Paper short abstract:
Wicca is a religion of Witches, based on contact with nature, worshiping a God and a Goddess, and the use of magic. In the times of the pandemics Wiccans decided move many of their religious practices to the Internet. Does it work? Are rituals conducted on the Internet sufficient or of lesser value?
Paper long abstract:
Wicca, a western neopagan religion of Witches, is based on contact with nature, on worshiping a God and a Goddess, and the use of magic. Usually Wiccans meet in covens or bigger gatherings, among nature, to celebrate the festivals of the Wheel of the Year but this year everything is different. How to celebrate in a group when one is not allowed to meet with people outside of one’s bubble or cannot move freely for fear of their health and because of the restrictions?

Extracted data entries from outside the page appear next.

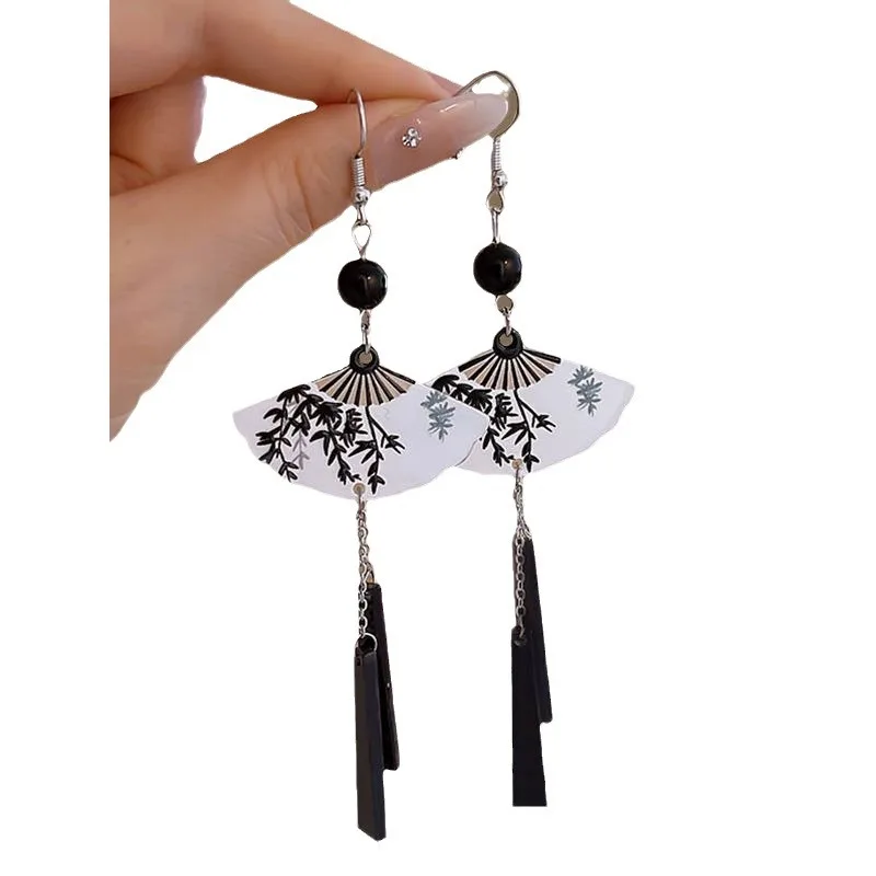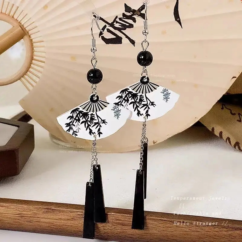 Steel Fun Jewelry New Ethnic Style Fan Shell Pendent Long Tassel Dangle National Style Earrings for Women Jewelry Gift 2024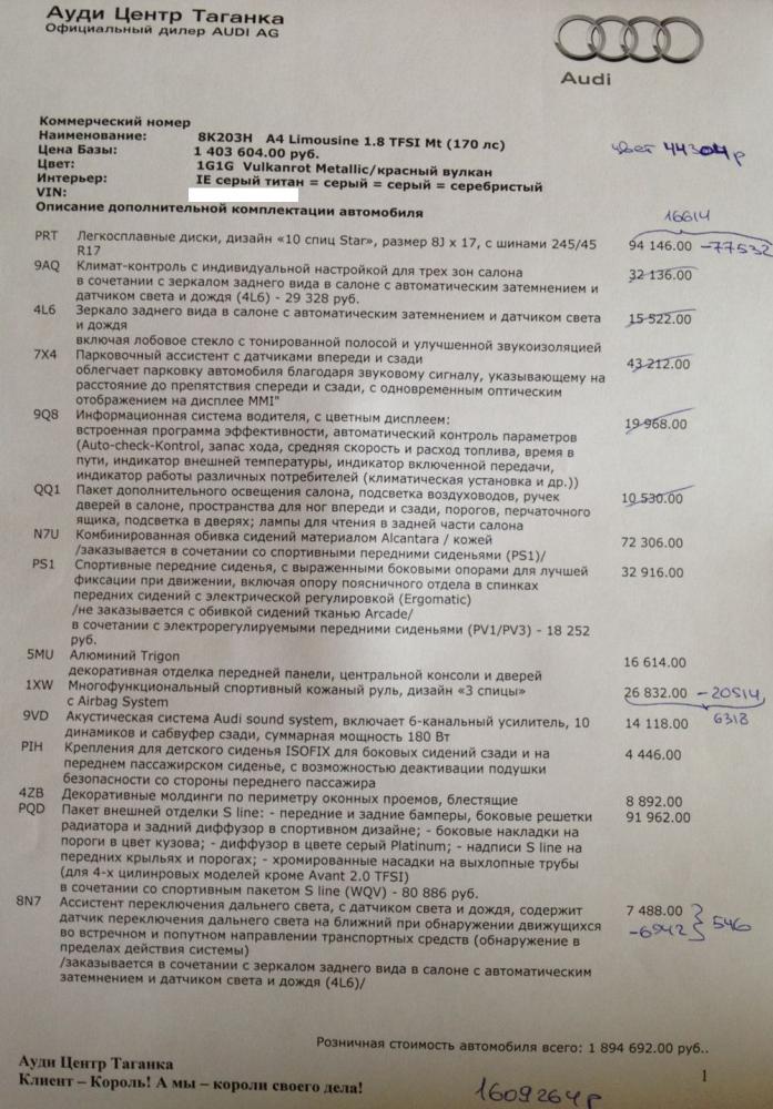 #1007 Wrestler13 Правильно посчитаная цена машины - цена в которой учтены все вычетаемые опци, на форуме уже есть много информации: http://audi-club.ru/forum/showpost.p...postcount=3855 http://audi-club.ru/forum/showpost.p...postcount=3927 http://www.audi-club.ru/forum/attachment.php?attachmentid=271242&d=1336819818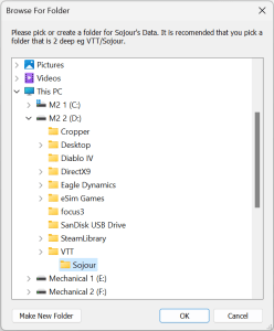 From here you can pick or create a folder for Sojour to use anywhere that your system can access!

Wiccans embraced the Web long time ago and are well connected and active Internet community. Faced with the restrictions caused by pandemics, many Wiccans quickly adapted to the new situation and decided to use the latest technologies in their ritual practices. With the use of webcams, social media and video communications they combine their traditions with the 21st century. Now not only one doesn’t have to leave home but can be hundreds of kilometres away and still participate in a ritual.
I conducted an anthropological research among Polish Wiccans in the years 2004-2006 and since 2015 I have been researching this movement in Poland and England. In my presentation I would like to show how British and Polish Wiccans find the ways to conduct their rituals in the times of Covid-19. What do they think of such a change? Do they consider rituals conducted with the use of Internet sufficient or of lesser value?